US Defense Secretary to take his ball and go home

June 22, 2011
London, England

In a recent interview with Newsweek magazine, outgoing US Defense Secretary Robert Gates lamented about not wanting to be part of a government that didn’t have the resources and gusto to support a trillion dollar military.

“I’ve spent my entire adult life with the United States as a superpower, and one that had no compunction about spending what it took to sustain that position… This is a different time. To tell you the truth, that’s one of the many reasons it’s time for me to retire, because frankly I can’t imagine being part of a government… that’s being forced to dramatically scale back our engagement with the rest of the world.”

There are some interesting conclusions to draw from this statement.

For one, Gates exemplifies the mentality of these career politicians who hold the highest positions of leadership: it’s as if they feel entitled to spend without having to deal with the inconveniences of fiscal reality. And if that’s not possible, he’ll just take his ball and go home.
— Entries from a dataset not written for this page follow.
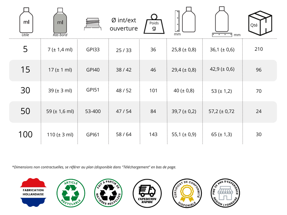 Pour aller plus loin sur l'aspect écologique, nous proposons pour chaque contenance un couvercle PCR (fabriqué à partir d'emballages plastiques recyclés) de couleur blanc ou noir.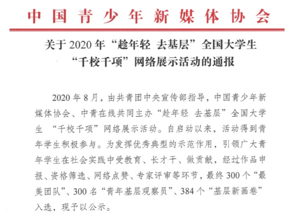 近日,由共青团中央宣传部指导,中国青少年新媒体协会、中青在线共同主办的“趁年轻 去基层”2020 年全国大学生“千校千项”网络展示结果公布,伟德官网建筑与城乡规划学院筑梦红旗社会实践团队荣获“最美团队”称号,知行滕州实践调研团队宋臣作品入选“基层新画卷”。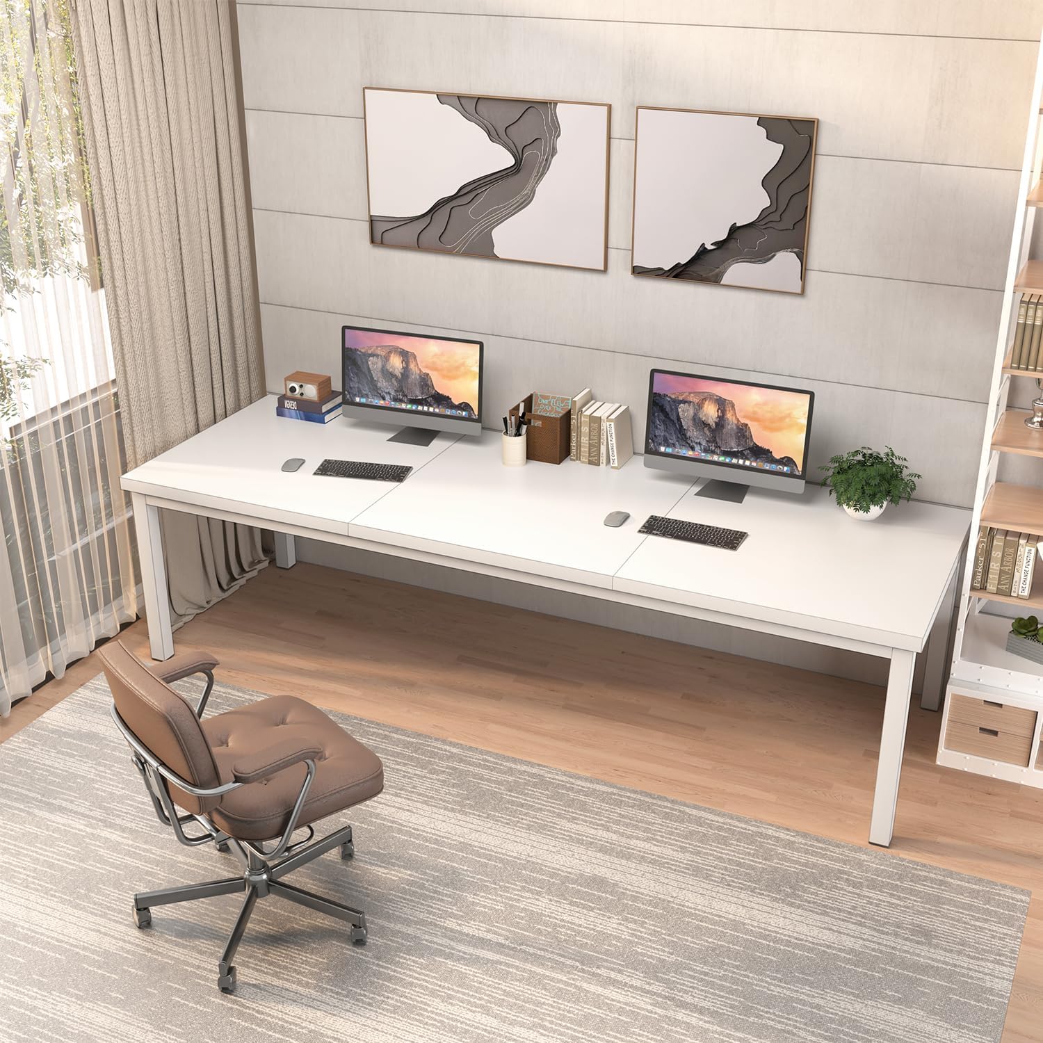 - Sleek modern aesthetic: This long desk featuring a minimalist white steel frame and matching desktop, this large desk seamlessly blends into contemporary home offices, gaming setups, or studio spaces. You can use it as a gaming computer desk, office desk and so on.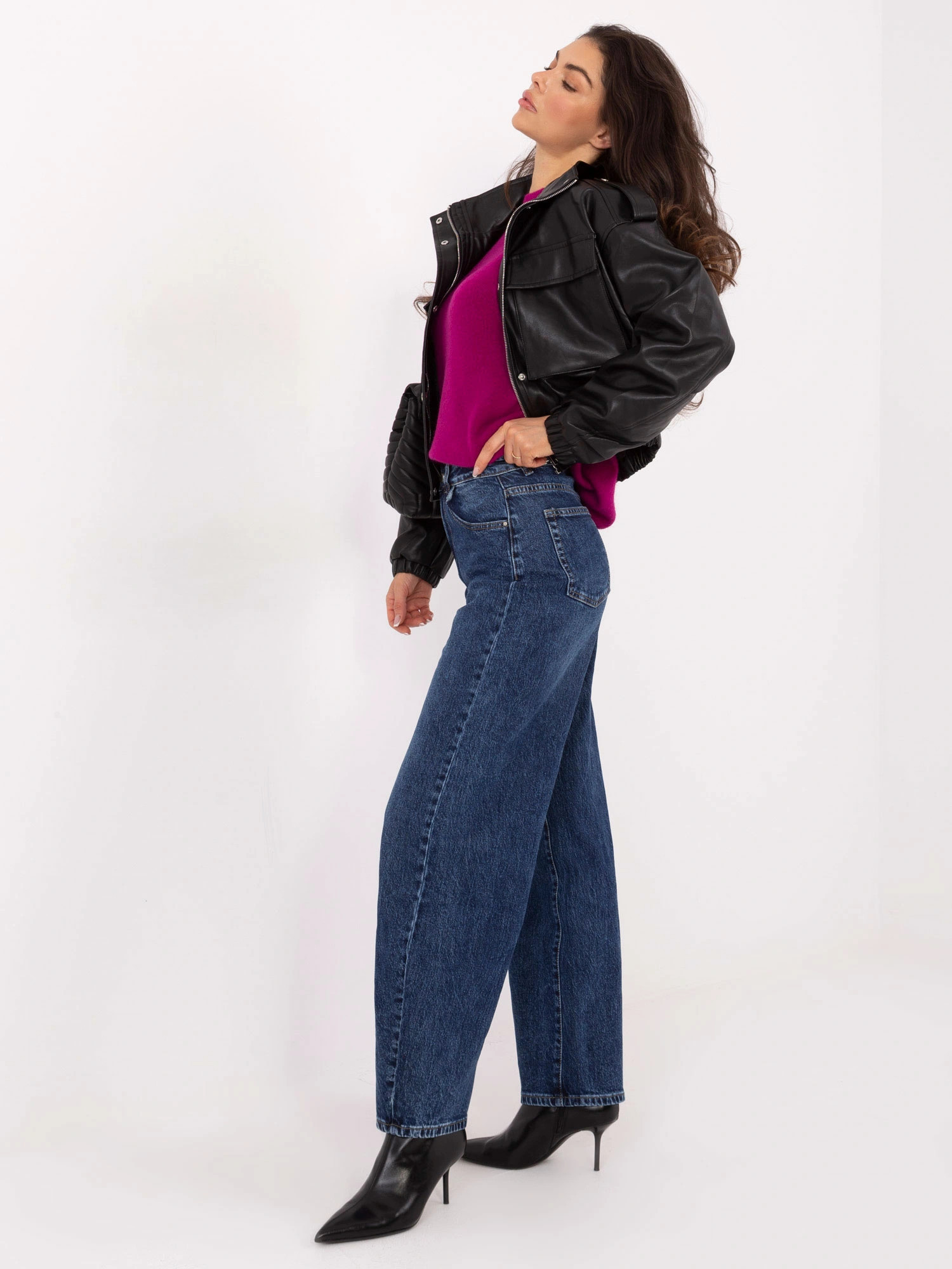 Tmavě modré dámské džínové kalhoty typu balloon fit Goodlookin (RE3220)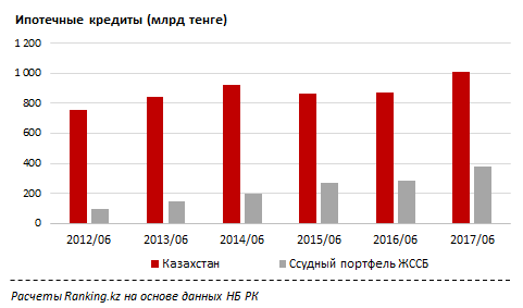 По данным СМИ, немалое влияние на ипотеку оказала госпрограмма "Нурлы Жер", запущенная с начала 2017 года в рамках "Прогнозной схемы территориально-пространственного развития". Так, ссудный портфель одного из ключевых операторов госпрограммы, Жилстройсбербанка, по итогам июля составлял 376,3 милиарда тенге - рост на 3,5 процента за месяц и сразу на 32,2 за год. Это уже 37,2 процента от всего ипотечного портфеля по РК.

Second, like most politicians, Gates seems completely disconnected from the real world. To Gates, out of control spending beyond your means is what it takes to maintain superpower status. In the real world, invading other countries and engaging in bottomless pit defense projects is a recipe for disaster.

Defense is the single biggest line item in the US budget, and along with Medicare and Social Security, these three programs completely dwarf the rest of the budget. Congress could completely eliminate the Department of Energy (which it should…) and only save $28.9 billion. Today this is just a rounding error.

Gates recognizes that the US government is going to be forced to live within its means and that Defense is going to get the axe. Unthinkable! But with an official budget of nearly $1 trillion (not counting supplementary, off-the-books packages), there’s more than ample room.

Aside from the obvious droves of unnecessary overseas bases that cost billions, the US military maintains expensive, antiquated systems like aircraft carriers and surface to air weaponry. They might have been useful in World War II, but today represent a financial sinkhole with little tactical benefit in modern warfare.

To give you another example, military units often procure necessary resources from local suppliers– this can be anything ranging from food to print cartridges to diesel fuel to remodeling services.

Curiously, supply clerks don’t have the freedom to buy from whichever vendor gives them the best price– they must patronize ‘specially approved’ vendors. In wartime, fiscal accountability goes out the window, and the amount of money flushed down the toilet with these specially approved vendors is staggering.

The simplest item like a pack of AA batteries can be sold to the military for ten times market price in wartime. It’s similar to the medical field. You take something normal like a plastic cup and it costs pennies. You make it a ‘medical cup’ and it costs $25.

This is nothing new.  In his memoirs, Ulysses S. Grant recounts similar observations when he was a young lieutenant in the Mexican War.

Grant describes how American traders and Mexican smugglers supplied US field units with horses, mules, and other necessary provisions. He remarks that the animals were typically worth $5, though the Army paid $8 to $11 each. “Such is trade, such is war,” he writes.

The official reason for this war was a supposed ‘invasion’ of Mexican forces onto US soil. There has never been any evidence to suggest that this ever happened, and historians acknowledge that the US government manufactured this story in order to draw the nation into an imperialistic war. I know, it hardly seems imaginable…

Grant describes the resulting war with Mexico as “the most unjust ever waged by a stronger nation against a weaker nation… following the bad example of European monarchies in their desire to acquire additional territory.”

He further argues that the war caused strain on the South’s agrarian economy, fueling the causes of the Civil War fought some 15-years later. As Grant reflects, “Nations, like individuals, are punished for their transgressions. We got our punishment in the most sanguinary and expensive war of modern times.”

(His book, The Personal Memoirs of Ulysses S. Grant, is available for free download on Amazon.)

Grant’s words ring true: actions have consequences. Yet when a nation’s leaders still seem to think that they require a $1 trillion military budget for its “engagement with the rest of the world” despite 10-years of war and fiscal insolvency, it’s a safe bet that the consequences won’t be rose petals and unicorns.